(Beginning of Recorded information)
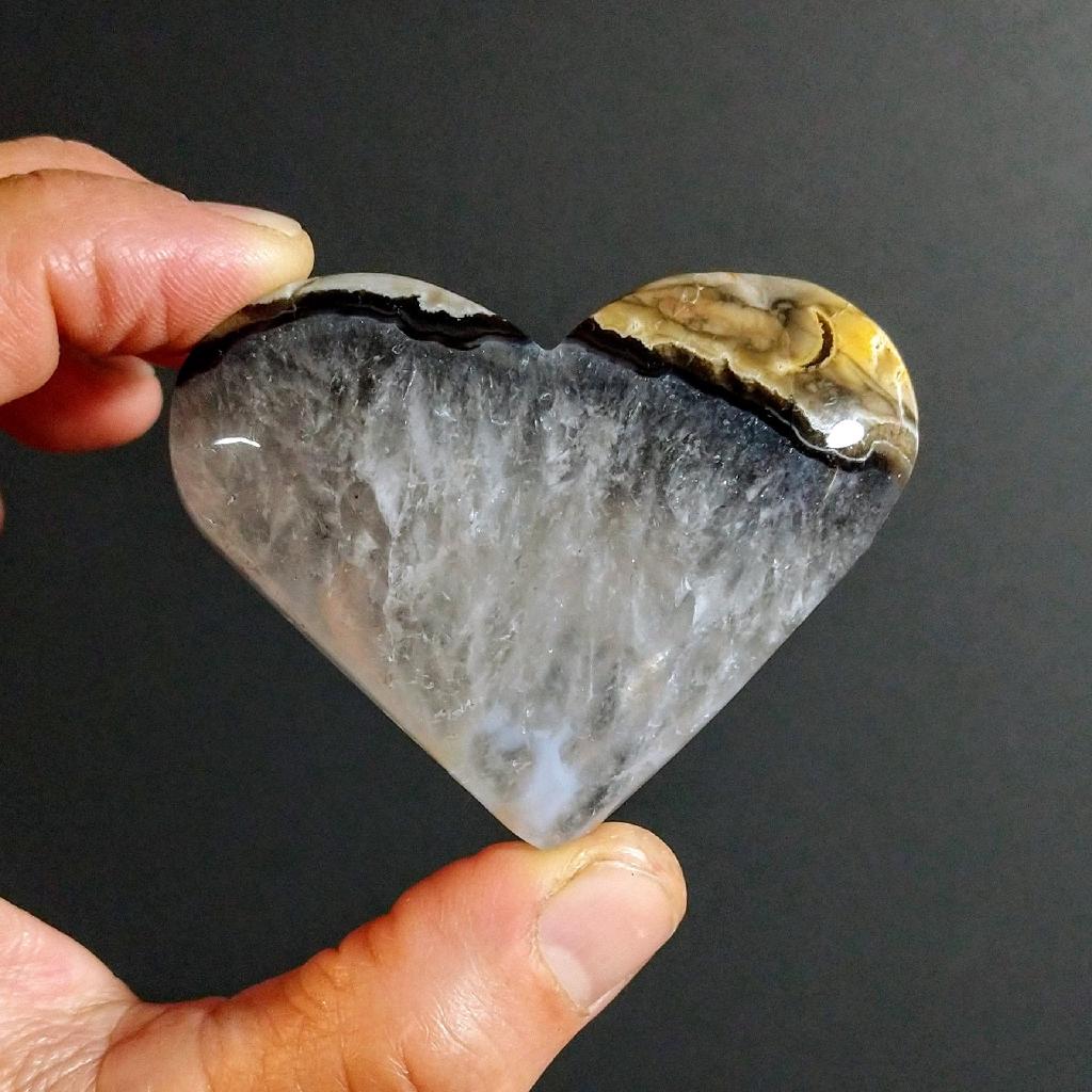 Volcano Agate Heart, with quartz. 2.65 inches wide. This is a one-of-a-kind item - you will receive the actual item in photo. Once sold, it is gone.
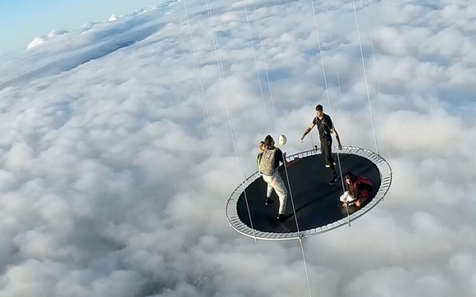 Um grupo de jovens elevaram a adrenalina a um novo patamar ao pendurar um trampolim num balão de ar quente para acrobacias acima das nuvens.
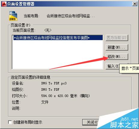 3、在彈出的頁面設置管理器對話框中選擇【修改】按鈕,如下圖:
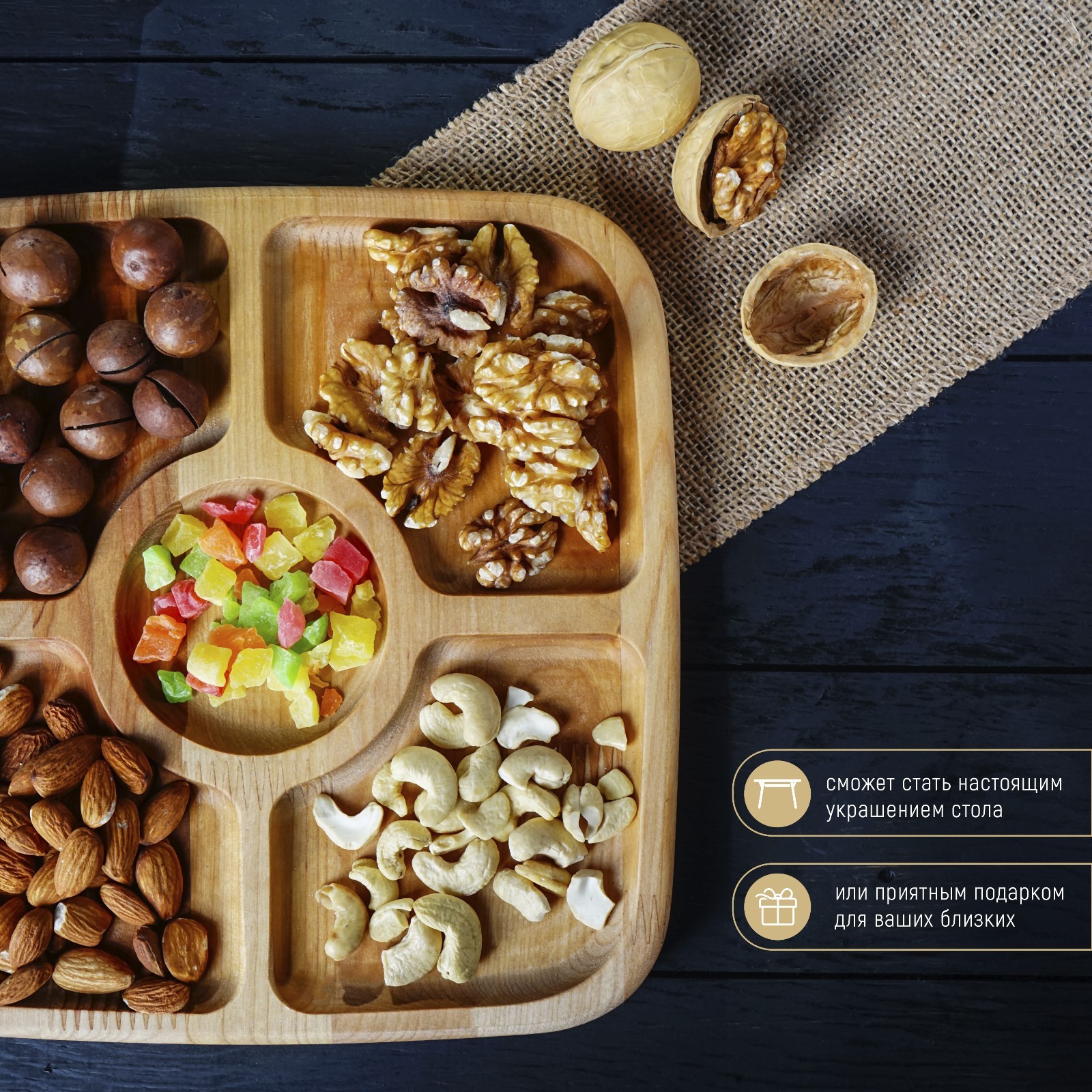Менажница квадратная доляна, 25x25x2 см, 5 секций, берёза
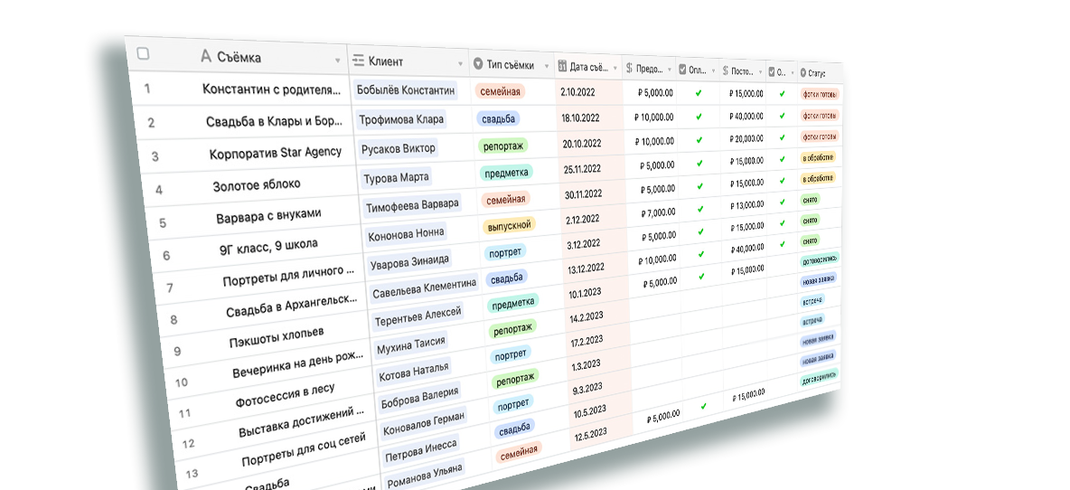 Таблица с данными о клиентах, встречах и съёмках - всегда в доступе
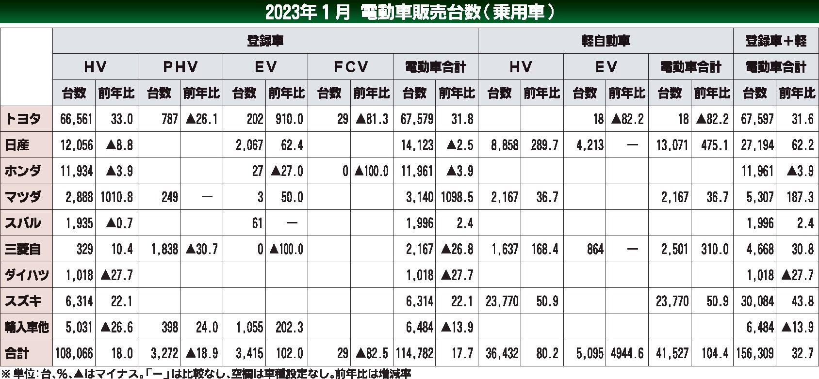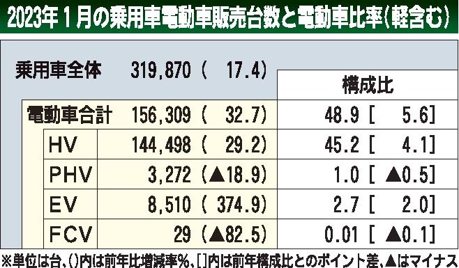2023年1月の国内電動車販売、乗用車の電動車比率が5割に迫る HVは3割増加
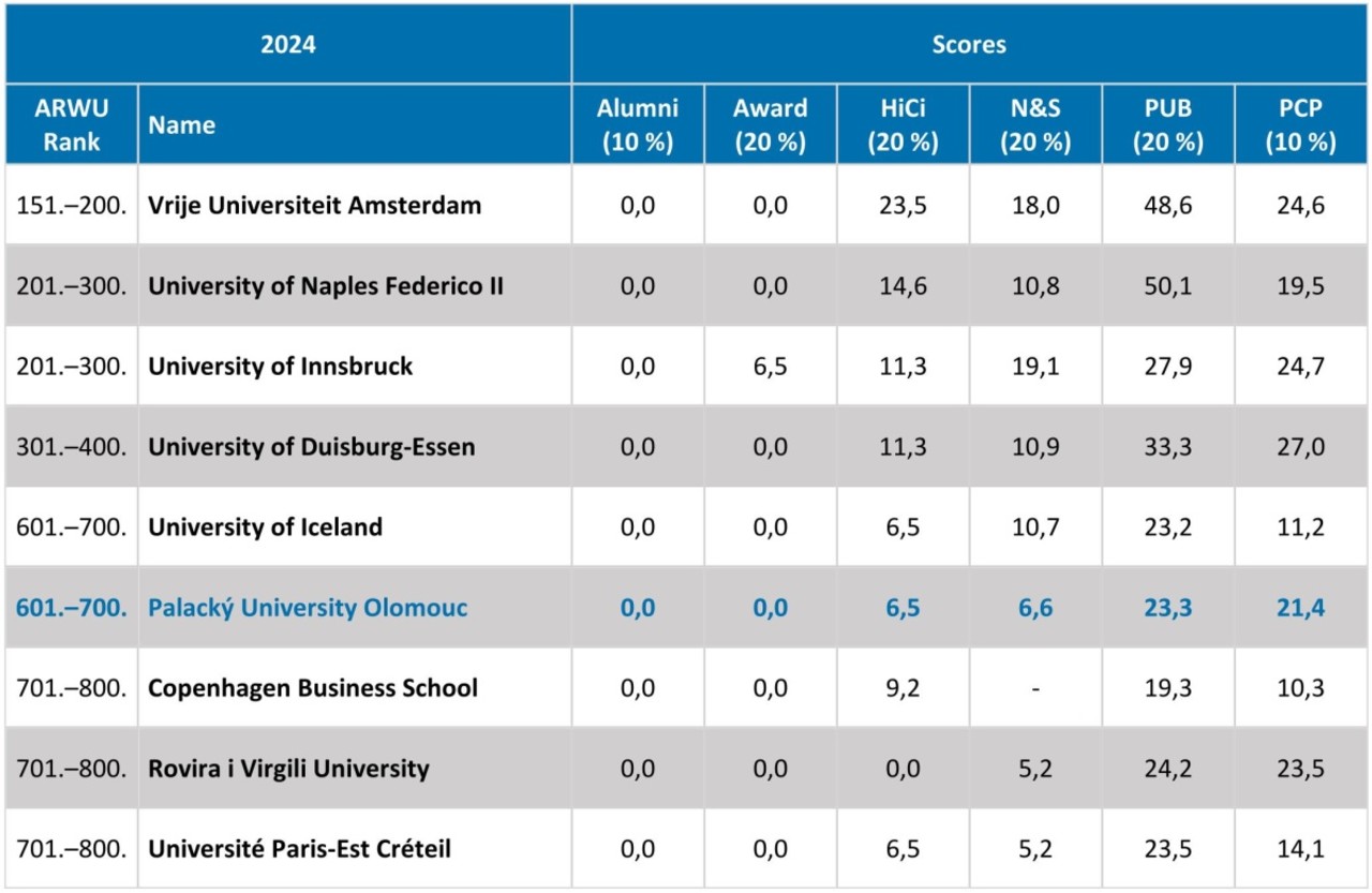 Pouze šest českých univerzit se dostalo do tisícovky nejlepších vysokých škol na světě podle letošního vydání prestižního hodnocení Academic Ranking of World Universities (ARWU), známého též jako Šanghajský žebříček. Již poosmé je mezi nimi i Univerzita Palackého, která v rámci Česka obsadila 3. místo a ve světovém srovnání je na 601.–700. příčce – stejně jako vloni a stejně jako například University of Iceland, která je společně s UP členem univerzitní sítě Aurora.
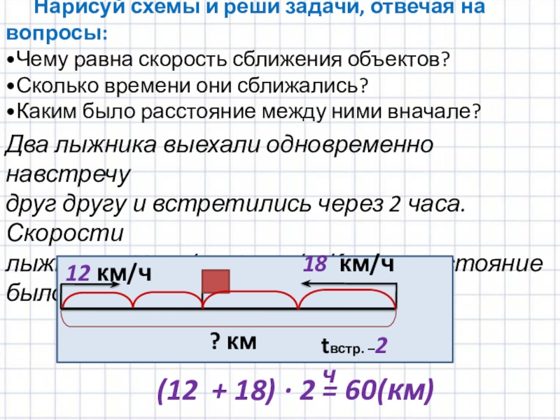 лыжников 12 км/ч и 18 км/ч. Какое расстояние было между ними вначале?
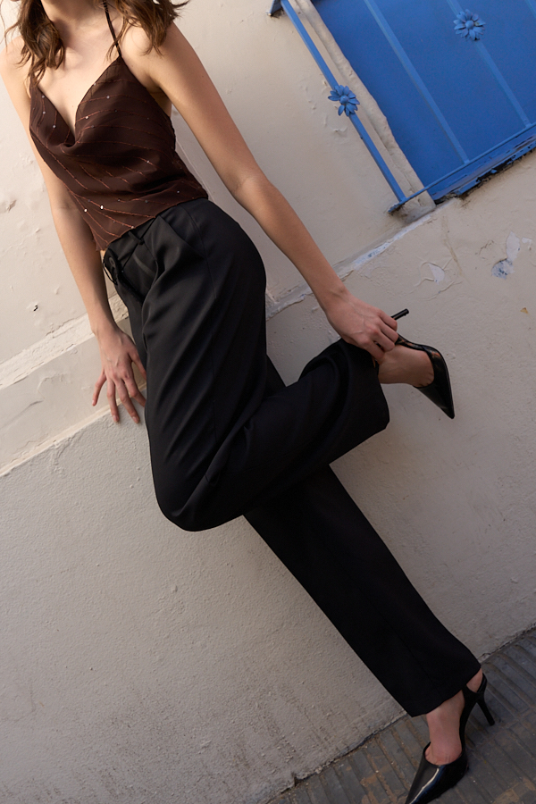 Pantalón cigarette de calce estilizado con delicadas tablas en el frente que aportan estructura. Detalle de pinzas en la espalda para un ajuste preciso y bolsillos diagonales funcionales. Cierre frontal con cremallera y botón.
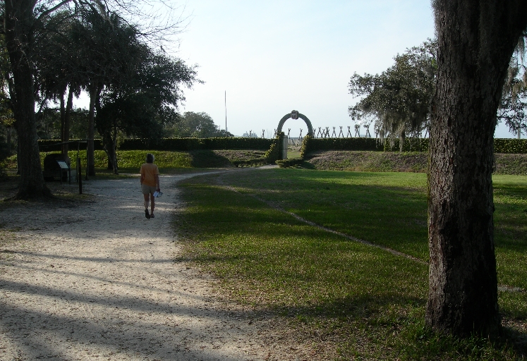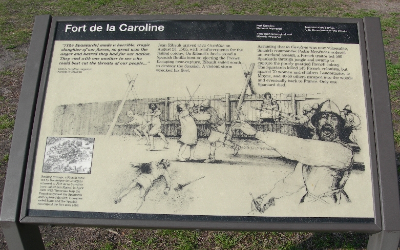 Fort Caroline National Memorial is located east of Jacksonville FL. It was built by the French in 1564 to get a toe hold on the east coast. The Spanish attacked the next year and slaughtered about 140 settlers and a bit later killed another 350 who were ship wrecked trying to escape. In 1568 a French force took revenge by slaughtering all Spanish at the fort and then sailed for home never to return to the east coast. Fort Caroline is now part of the Timucuan Ecological and Historic Preserve.
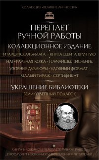 В каждом экземпляре - избранные цитаты и гравированный портрет автора, отпечатанные на дизайнерской бумаге, изготовленной на четверть из натуральной кожи. Переплеты созданы по традиционной для 19 века технологии из гладкой натуральной кожи и украшены тремя видами рельефного тиснения - золотым, рельефным и красочным.
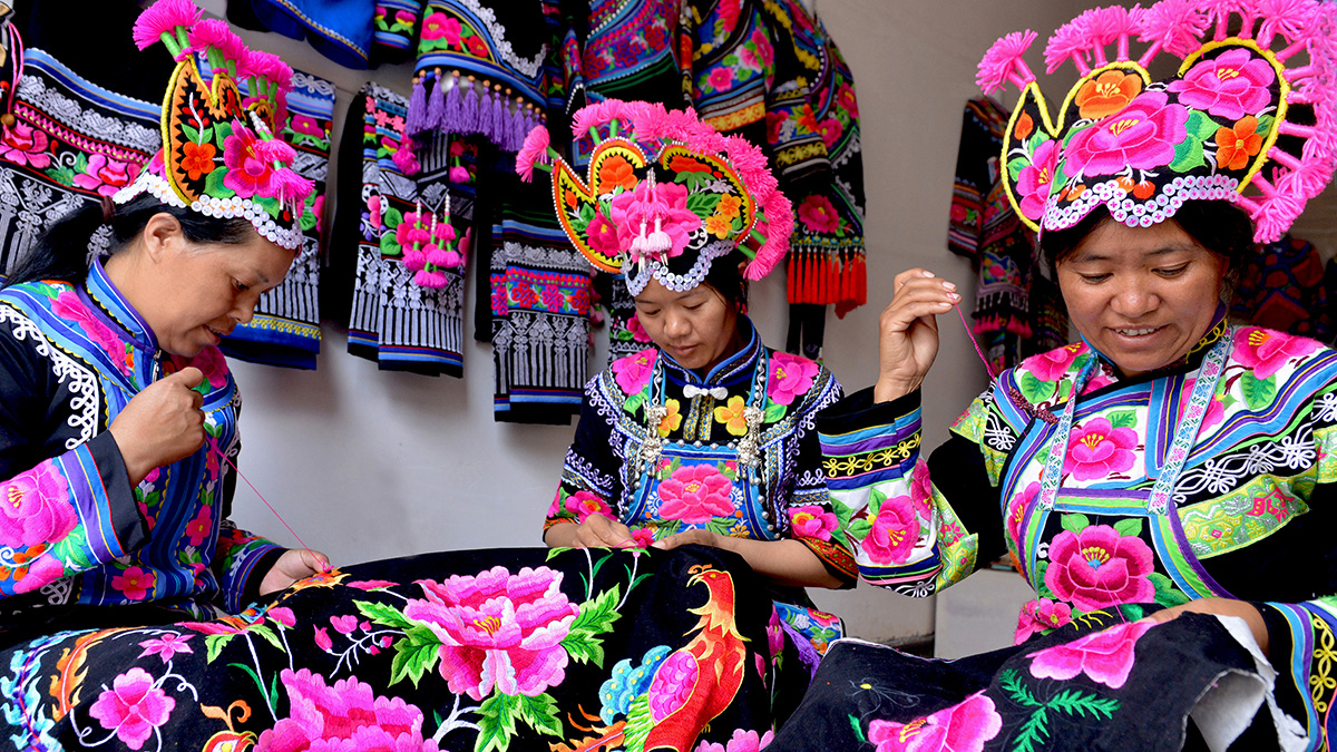 楚雄彝族自治州永仁县中和镇直苴村的彝族赛装节已有1300多年的历史,被称为“赛装之源”、中国最大的“乡村T台”。如今,赛装节已成为永仁县对外展示民族传统文化的窗口,以赛装节为平台,永仁彝绣产业得以崭露头角。  近年来,以永仁赛装节为宣传推广平台,在当地政府的扶持下,永仁县的绣娘们纷纷成立彝绣产业专业合作社,吸纳低收入妇女到合作社务工,绣娘们背着娃、绣着花,在家门口就能实现就业增收。一大批彝绣企业如雨后春笋般蓬勃发展,永仁阿妹妮若彝绣有限公司就是其中的一家。靠设计制作独具特色的彝绣旅游产品,公司每年实现销售收入近100万元。公司负责人李丽凤是永仁出了名的刺绣带头人,也是永仁彝绣产业协会秘书长,她说:“小时候没有玩具,母亲就给我们针线玩,在耳濡目染中,我们从小就学会了刺绣,从没想过传统技艺如今成了致富产业。”据悉,该协会已吸纳会员330多名,15家企业和3家专业合作社实现抱团发展,带动全县4000余名绣女共同致富,人均增收1万元。
(End of Recorded information)
What the task asks: Reproduce the data above exactly, but only from the line containing "2023年1月の国内電動車販売、乗用車の電動車比率が5割に迫る HVは3割増加" through the line containing "В каждом экземпляре"; skip the pictures.

Answer to the exercise:
2023年1月の国内電動車販売、乗用車の電動車比率が5割に迫る HVは3割増加
 Pouze šest českých univerzit se dostalo do tisícovky nejlepších vysokých škol na světě podle letošního vydání prestižního hodnocení Academic Ranking of World Universities (ARWU), známého též jako Šanghajský žebříček. Již poosmé je mezi nimi i Univerzita Palackého, která v rámci Česka obsadila 3. místo a ve světovém srovnání je na 601.–700. příčce – stejně jako vloni a stejně jako například University of Iceland, která je společně s UP členem univerzitní sítě Aurora.
 лыжников 12 км/ч и 18 км/ч. Какое расстояние было между ними вначале?
 Pantalón cigarette de calce estilizado con delicadas tablas en el frente que aportan estructura. Detalle de pinzas en la espalda para un ajuste preciso y bolsillos diagonales funcionales. Cierre frontal con cremallera y botón.
 Fort Caroline National Memorial is located east of Jacksonville FL. It was built by the French in 1564 to get a toe hold on the east coast. The Spanish attacked the next year and slaughtered about 140 settlers and a bit later killed another 350 who were ship wrecked trying to escape. In 1568 a French force took revenge by slaughtering all Spanish at the fort and then sailed for home never to return to the east coast. Fort Caroline is now part of the Timucuan Ecological and Historic Preserve.
 В каждом экземпляре - избранные цитаты и гравированный портрет автора, отпечатанные на дизайнерской бумаге, изготовленной на четверть из натуральной кожи. Переплеты созданы по традиционной для 19 века технологии из гладкой натуральной кожи и украшены тремя видами рельефного тиснения - золотым, рельефным и красочным.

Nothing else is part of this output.